Chocolate bar and ice cream wrappers containing latex can trigger potentially fatal allergic reactions in sensitive people but there is no law for it to be listed on labels, experts have warned.

A study commissioned by the Food Standards Agency found that one-third of packaging tested was contaminated with latex, which in some cases transferred to the food.

In one make of chocolate biscuit, the amount was 20 times the minimum necessary to produce a reaction. High levels were also found in an ice cream.

Professor Barry Kay, an allergy expert at the Royal Brompton Hospital in London, said: "Latex can give contact hypersensitivity ... and so these individuals should avoid touching contaminated packages. There should be legislation on latex used in food packaging."

Graham Lowe, an expert adviser to the UK Latex Allergy Support Group said: "For a few people, natural rubber latex is a very potent allergen and for [them] there is no safe level of exposure."

There is no agreement on a safe level of latex, but some experts say a billionth of a gram is enough to cause a reaction in sensitive people.

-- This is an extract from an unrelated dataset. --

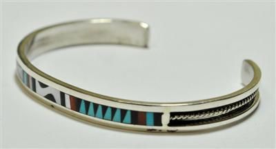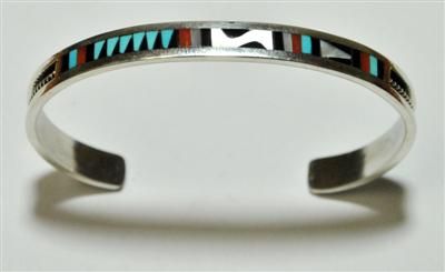 Zuni Multi-Stone Inlay Sterling Silver Cuff Bracelet - C. Dishta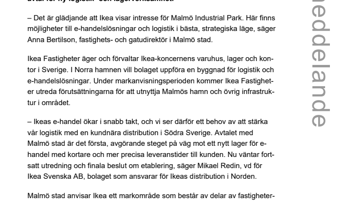 • Markanvisning till Ikea för storsatsning i Malmö Industrial Park

Natural latex, derived from rubber trees, is used in meat netting, fruit and vegetable stickers, rubber bands and confectionery wrappers.

Mr Lowe said the transfer of latex proteins to food could account for otherwise inexplicable reactions in some people.

There have been two recent reports of people reacting to latex in chocolate bars, according to Chemistry & Industry magazine. In one case, a woman developed a rash around her mouth.

Proteins in the latex which migrate from the packaging to the food are destroyed by heat. But there is a problem with "cold sealing", the technique used to wrap products such as chocolate and ice cream.

The Food Standards Agency said it was too early to draw a firm conclusion, but advised people not to alter their eating habits.